List all Evaluation Jobs#
To list all evaluation jobs, send a GET
request to the jobs endpoint, as shown in the following code.
After you submit the request, a list of all the evaluation jobs is returned, with details for each job.
To filter the jobs that the API returns, refer to Filter Jobs.
curl -X "GET" "http://${EVALUATOR_HOSTNAME}/v1/evaluation/jobs" \
-H 'accept: application/json'
endpoint = f"http://{EVALUATOR_HOSTNAME}/v1/evaluation/jobs"
response = requests.get(endpoint).json()
response
Get the Status of an Evaluation Job#
To get the status of an evaluation job, send a GET
request to the jobs endpoint, as shown in the following code.
curl -X "GET" "http://${EVALUATOR_HOSTNAME}/v1/evaluation/jobs/<job-id>/status" \
-H 'accept: application/json'
endpoint = f"http://{EVALUATOR_HOSTNAME}/v1/evaluation/jobs/<job-id>/status"
response = requests.get(endpoint).json()
# Get the status.
job_status = response['status']
print(f"Job status: {job_status}")
The response is similar to the following.
{
"message": "Job completed successfully",
"task_status": {},
"progress": null
}
The message is one of the following:
Job is pending
Job is running
Job completed successfully
Unable to launch the evaluation job because there is a problem in the target, config, or environment
Get the Details of an Evaluation Job#
To get the full details of an evaluation job, send a GET
request to the jobs endpoint, as shown in the following code.
curl -X "GET" "http://${EVALUATOR_HOSTNAME}/v1/evaluation/jobs/<job-id>" \
-H 'accept: application/json'
endpoint = f"http://{EVALUATOR_HOSTNAME}/v1/evaluation/jobs/<job-id>"

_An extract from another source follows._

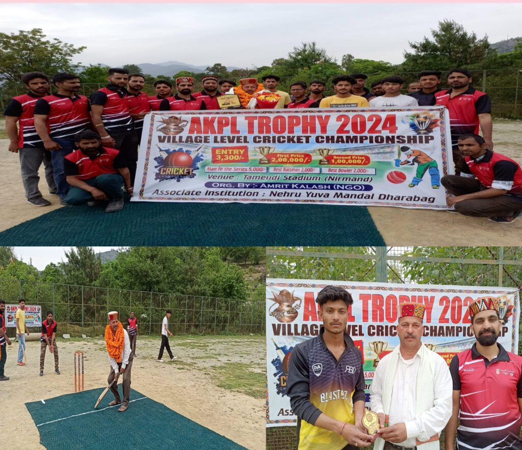 कुल्लू अपडेट , खेल परिसर निरमंड में आज से क्रिकेट के सबसे बड़े महाकुंभ अमृत कलश प्रीमियम लीग ट्रॉफी 2024 सीज़न 1 का आगाज़ आज से शुरू हो गया है। अमृत कलश प्रीमियम लीग ट्रॉफी 2024 सीजन 1 के शुभारंभ में भूपेंद्र ठाकुर सुवा सेवा एवम खेल विभाग कुल्लू ,ग्राउंड मैन खेल परिसर निरमंड बतौर मुख्य अतिथि शरीक हुए और मुख्य अतिथि के कर कमलों द्वारा टूर्नामेंट का आगाज़ किया गया।हिमाचल के ग्रामीण स्तर के क्रिकेट इतिहास में पहली बार किसी (एनजीओ) द्वारा ग्रामीण स्तर का इतना बड़ा इवेंट मैनेजमेंट करने जा रही है। जिसमें हिमाचल प्रदेश के कौने कौन से यहां ग्रामीण स्तर की लगभग 150 टीमों हिस्सा लेंगी। अमृत कलश एनजीओ के अध्यक्ष मुकेश मैहरा ने बताया कि इन 150 से अधिक टीमों के चैंपियन के लिए लंबा इंतजार नहीं करना पड़ेगा। इसके लिए अमृत कलश एनजीओ के आयोजकों ने टूर्नामेंट को निरमंड और आनी की टीमों के लिए खेल परिसर निरमंड, ढाका स्टेडियम छन्नी नाला बंजार, कृष्णा स्टेडियम बजौरा कुल्लू,में खेलेगी। इन तीन स्टेडियम में आयोजित होने वाली अमृत कलश प्रीमियम लीग के सुपर 8 , सेमीफाइनल, और ग्रैंड फिनाले के मुकाबले खेल परिसर निरमंड में खेले जायेंगे। 3300 के प्रवेश शुल्क के साथ 2 लाख की बड़ी राशि जितने इस मौका मिलेगा। उपविजेता टीम को 1 लाख की नगद पुरस्कार और ट्रॉफी के साथ सम्मानित किया जाएगा।

response = requests.get(endpoint).json()
# Get the status.
job_status = response['status']
print(f"Job status: {job_status}")
The response is similar to the following.
{
"created_at": "2025-03-19T22:50:15.684382",
"updated_at": "2025-03-19T22:50:15.684385",
"id": "eval-UVW123XYZ456",
"namespace": "my-organization",
"description": null,
"target": {
//target details
},
"config": {
// config details
},
"result": "evaluation_result-1234ABCD5678EFGH",
"output_files_url": "hf://datasets/evaluation-results/eval-UVW123XYZ456",
"status_details": {
"message": "Job completed successfully",
"task_status": {},
"progress": null
},
"status": "completed",
"project": null,
"custom_fields": {},
"ownership": null
}
The status
field is one of the following:
CREATED
— The job is created, but not yet scheduled.PENDING
— The job is waiting for resource allocation.RUNNING
— The job is currently running.COMPLETED
— The job has completed successfully.CANCELLED
— The job has been cancelled by the user.FAILED
— The job failed to run and terminated.
Delete an Evaluation Job#
To delete an evaluation job, send a DELETE
request to the jobs endpoint.
You must provide the ID of the job as shown in the following code.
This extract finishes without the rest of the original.